EXERCISE PROMPT: Reproduce exactly the lines from the start of the records through the line containing "Beyaz Poplin kumaştan", both included. Leave the pictures out.

Stored records:
==================================================
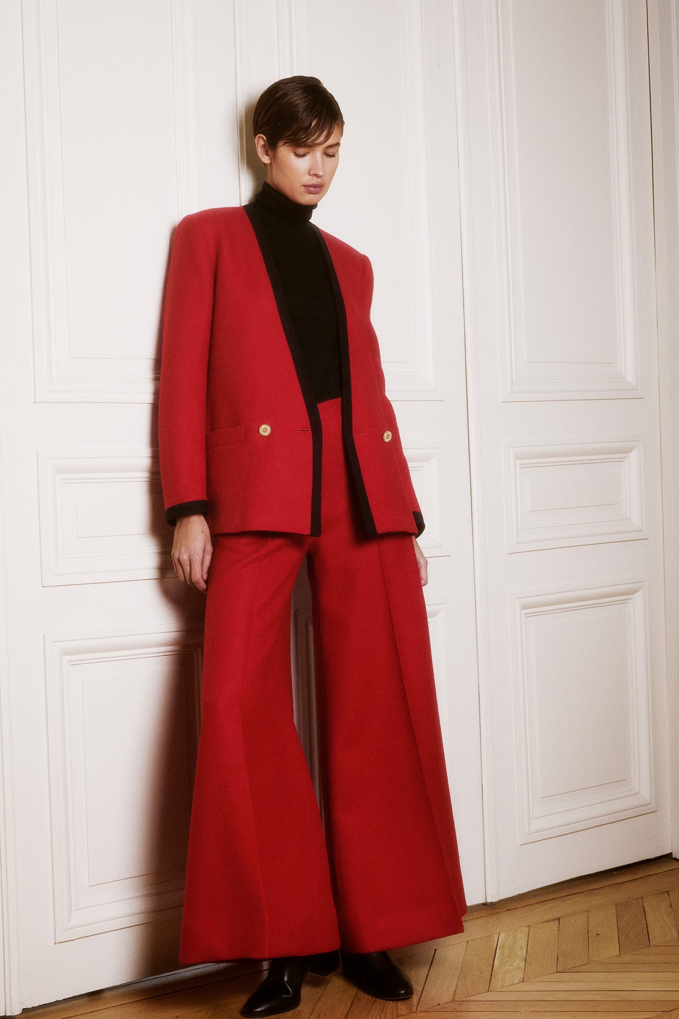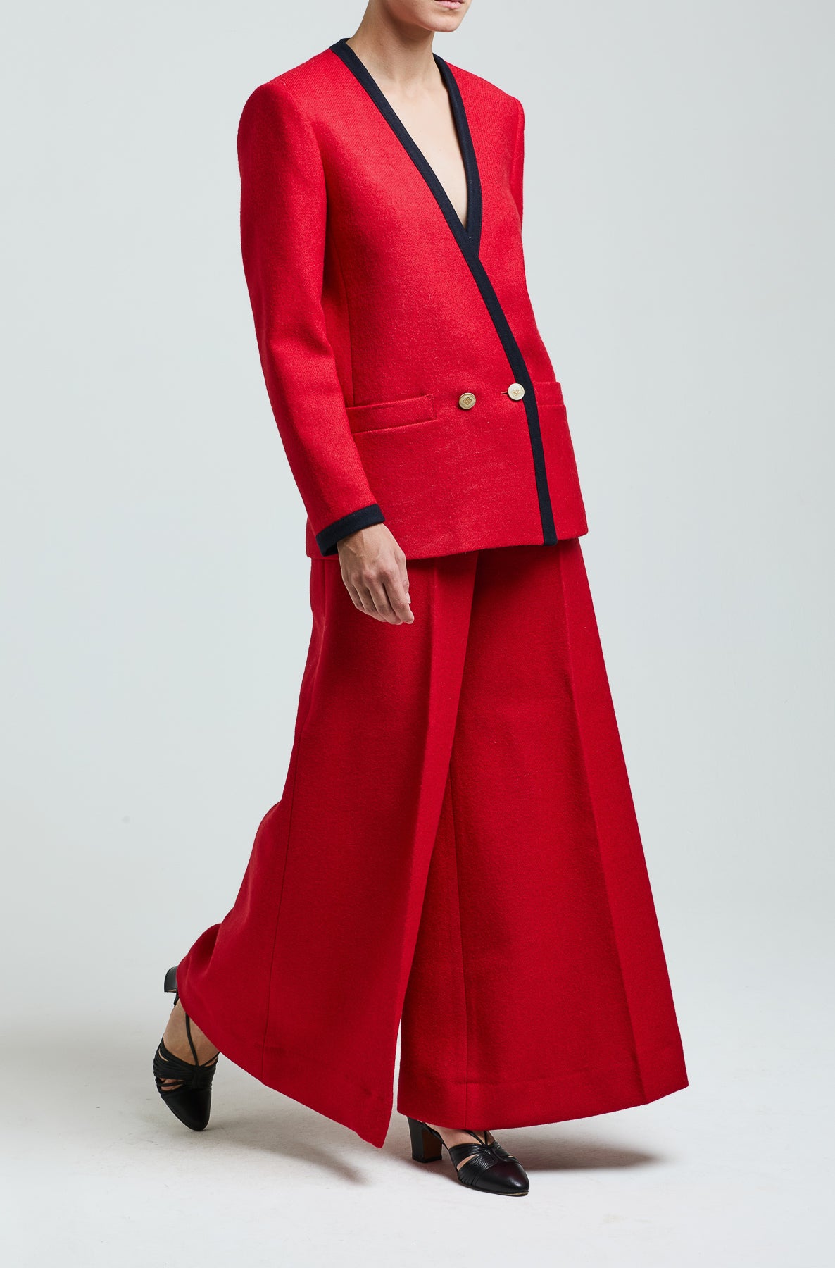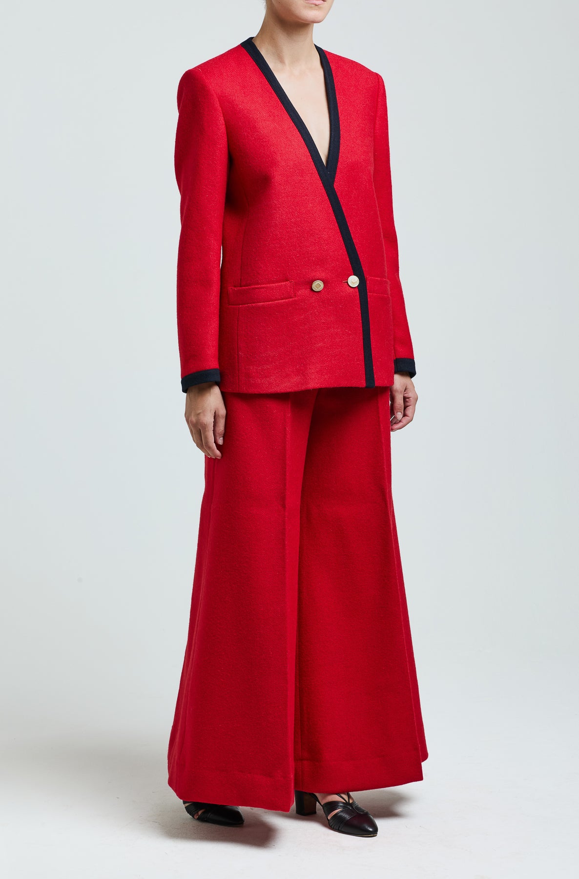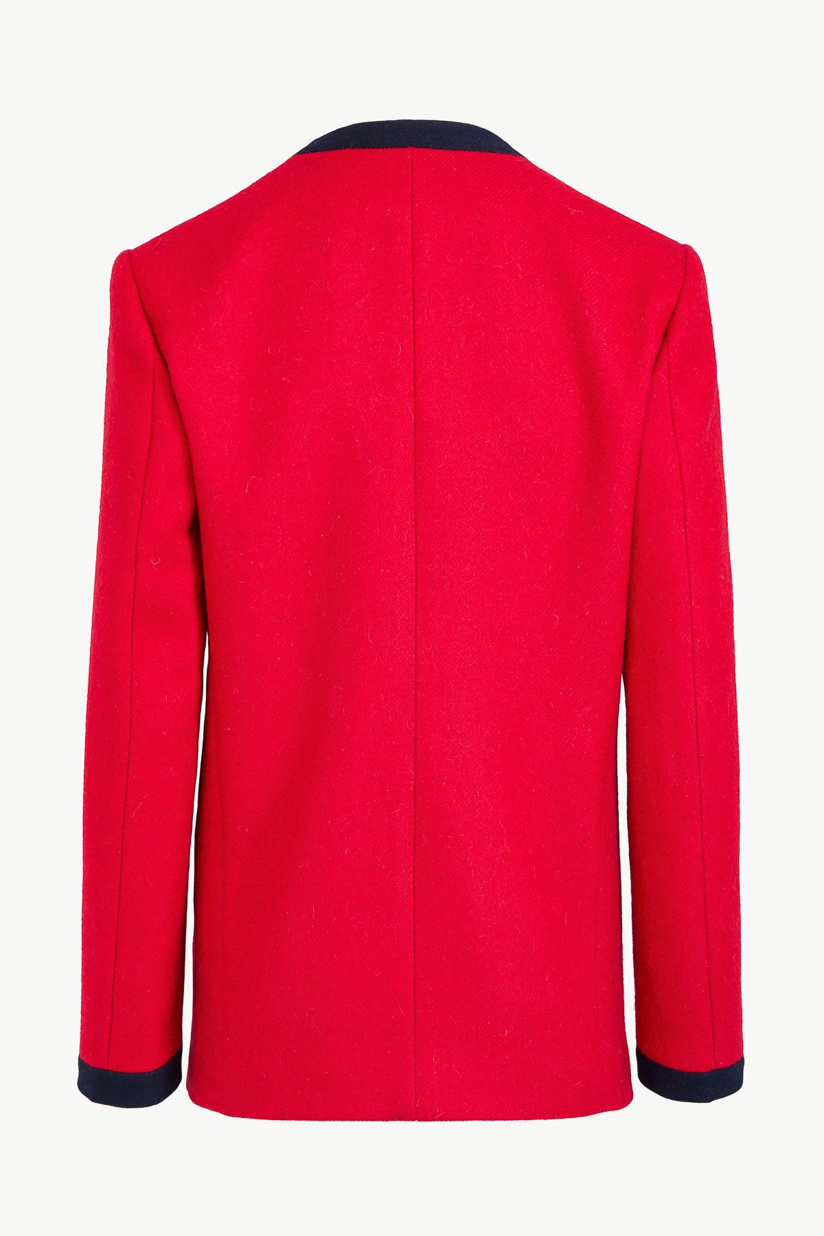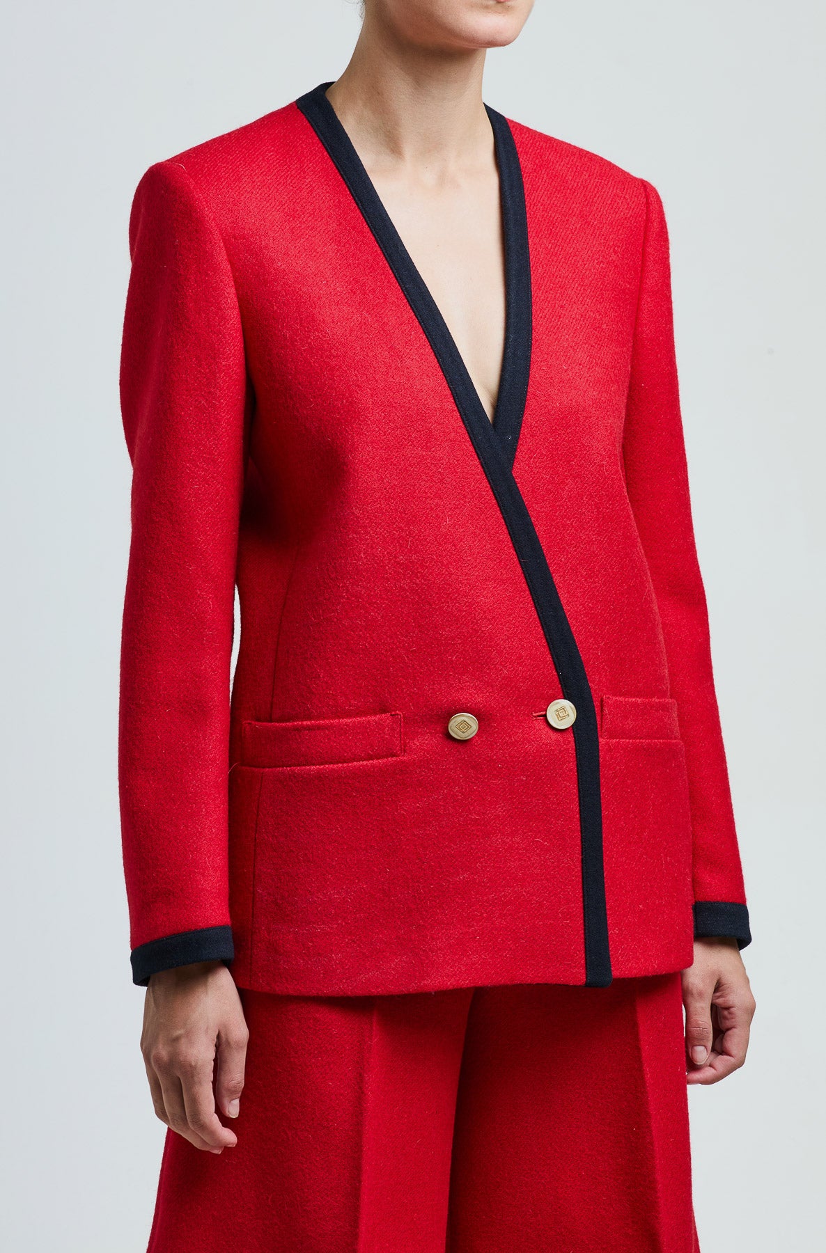 Tailored double-breasted blazer in pure navy wool with contrasting buttons and with no lapels. A pared-back take on the Charlotte style, streamlined, sharp, and quietly essential.
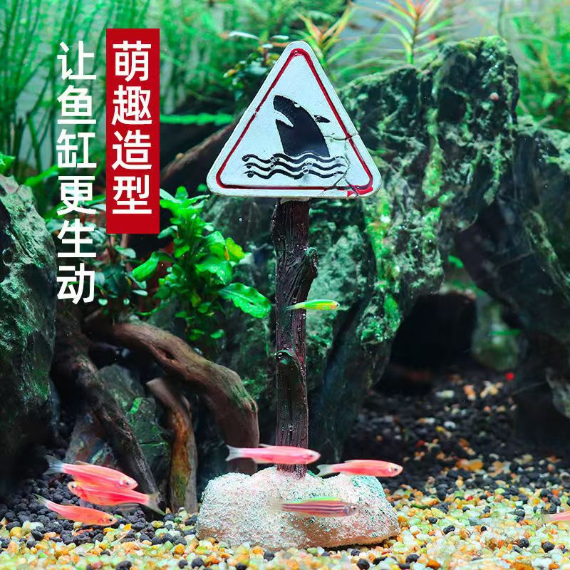 어항 장식품, 수족관 표지판, 경고 표지판, 레진 장식, 모조 상어, 미니어처 풍경 액세서리, 수족관스토어 가기
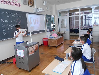 発表を聞いているみんなは、お友達が考えたお話を聞き、ノートに式と答えを書きました。
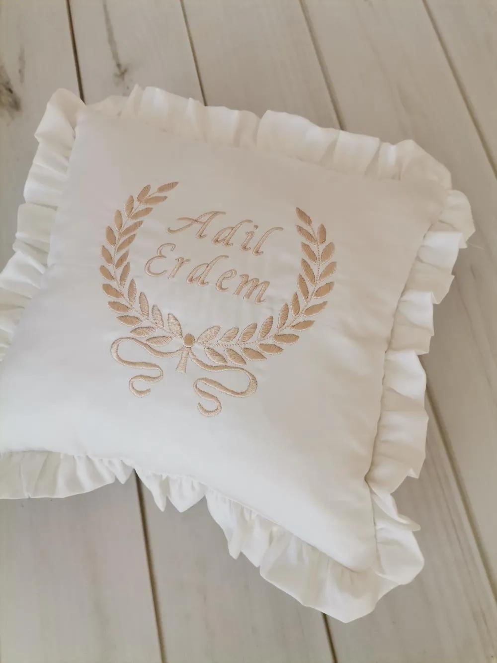 Beyaz Poplin kumaştan üretilen Nakış ve İsim İşlemeli Yastık
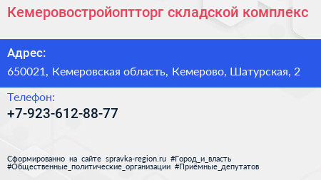 Кемеровостройоптторг, складской комплекс по адресу 650021, Кемеровская область, Кемерово, Шатурская, 2 в дальнейшем Организация, размещена в следующих категориях:
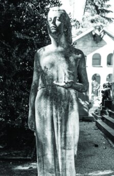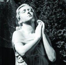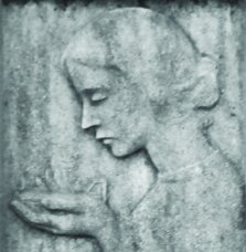 Pertanto è del 1946 la tomba Rovari: una fanciulla inginocchiata prega.
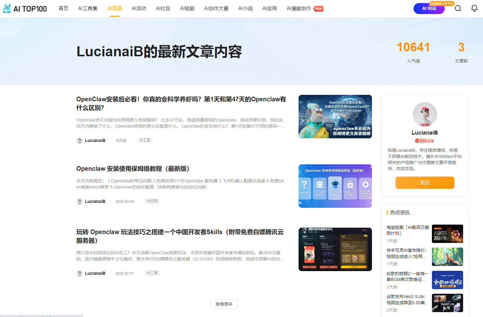 | LucianaiB | OpenClaw安装后必看!你真的会科学养虾吗?第1天和第47天的Openclaw有什么区别? | 4471 | 【良好】 | 500 | 700 |
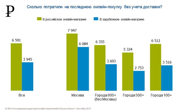 По данным на осень 2014 года, в целом по России средняя стоимость заказа в российском интернет-магазине составляет 6591 рубль, а в зарубежном — 3945. У москвичей средний чек заметно выше, зато разница между средней суммой заказа в российском и в зарубежном магазине меньше — 7947 рублей и 6084 рублей соответственно.
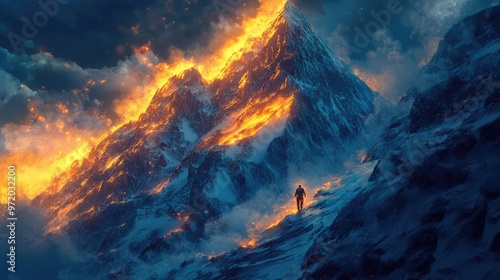 mountain, peak, fire, flames, sky, cloud, storm, hiker, silhouette, nature, landscape, wilderness, adventure, travel, exploration, journey, challenge, danger, hope, faith, spiritual, mystical, surreal, abstract, art, digital artwork, illustration, graphic, design, fantasy, imagination, dream, dramatic, awe, beauty, power, energy, light, darkness, contrast, composition, perspective, depth, texture
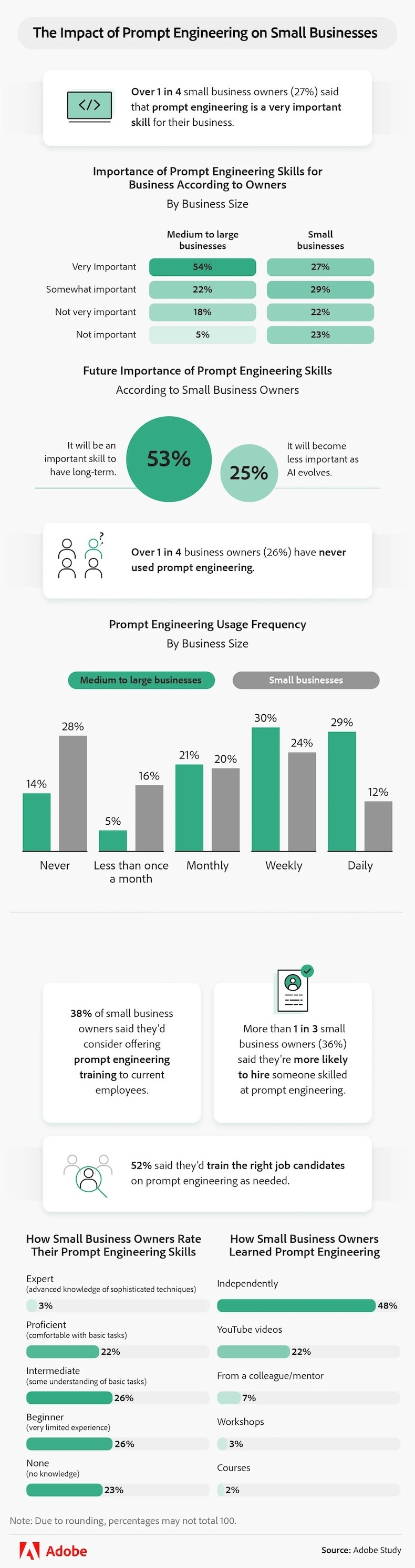 Some 27% of small business owners say AI prompt engineering is already a very important skill for their business, and 53% say it's an important skill to have long-term.
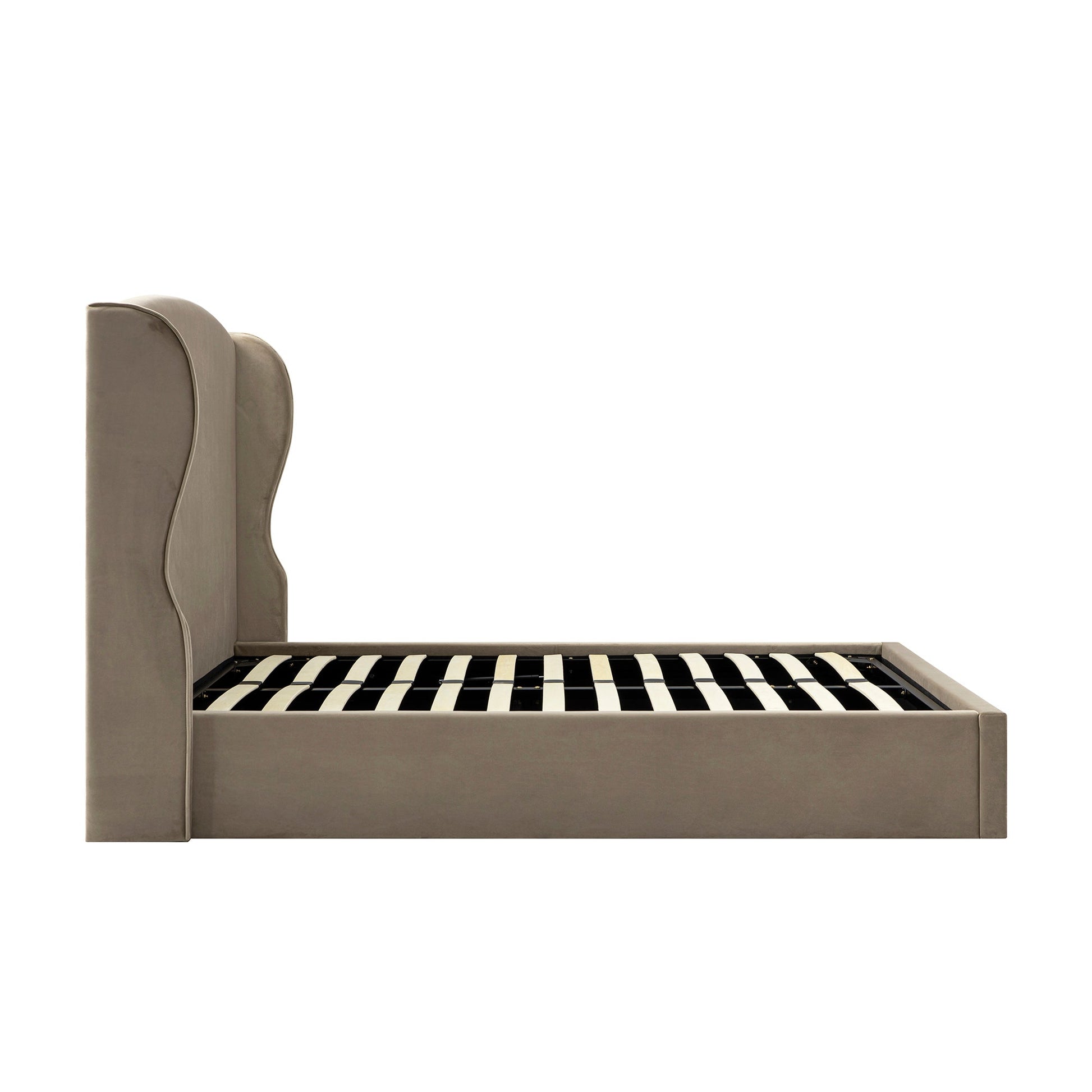 Lit de rangement rembourré à oreilles Kimberly, velours taupe
==================================================
WORKED SOLUTION:
 Tailored double-breasted blazer in pure navy wool with contrasting buttons and with no lapels. A pared-back take on the Charlotte style, streamlined, sharp, and quietly essential.
 어항 장식품, 수족관 표지판, 경고 표지판, 레진 장식, 모조 상어, 미니어처 풍경 액세서리, 수족관스토어 가기
 発表を聞いているみんなは、お友達が考えたお話を聞き、ノートに式と答えを書きました。
 Beyaz Poplin kumaştan üretilen Nakış ve İsim İşlemeli Yastık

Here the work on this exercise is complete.